The 2019 #NobelPrize in Chemistry has been awarded to John B. Goodenough, Mr. Stanley Whittingham and Akira Yoshino "for the development of lithium-ion batteries." Pic.twitter.com/LUKTeFhUbg

The Nobel Prize (@NobelPrize) October 9, 2019

In the 1980s, John Goodenough added cobalt oxide, which allowed small lithium ions to roam freely between the two poles of the battery, and finally, Akira Yoshino completed the device with carbon electrodes for further facilitate the process.

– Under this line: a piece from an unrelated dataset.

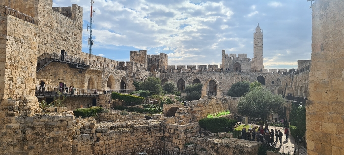This image depicts an exterior view of the Tower of David Citadel in the Old City of Jerusalem, Israel

► See also: The 2019 Nobel Prize in Physics honors three astronomy researchers

As a result, lithium ions roam freely during charge and discharge cycles of the battery, without modifying the host materials in the + and - electrodes.

Compact and enduring

Lithium-ion batteries are small, lightweight and run out very slowly. That's why this technology is now in all the portable and mobile electronics we use. " This type of lightweight, rechargeable and powerful battery is now used everywhere ," said the Royal Swedish Academy of Sciences, which awards the prize. [...] It can store significant amounts of solar and wind energy, paving the way for a society free of fossil fuels . "

There is nevertheless a small flat: lithium is a rare material, it represents only 0.06% of the earth's crust.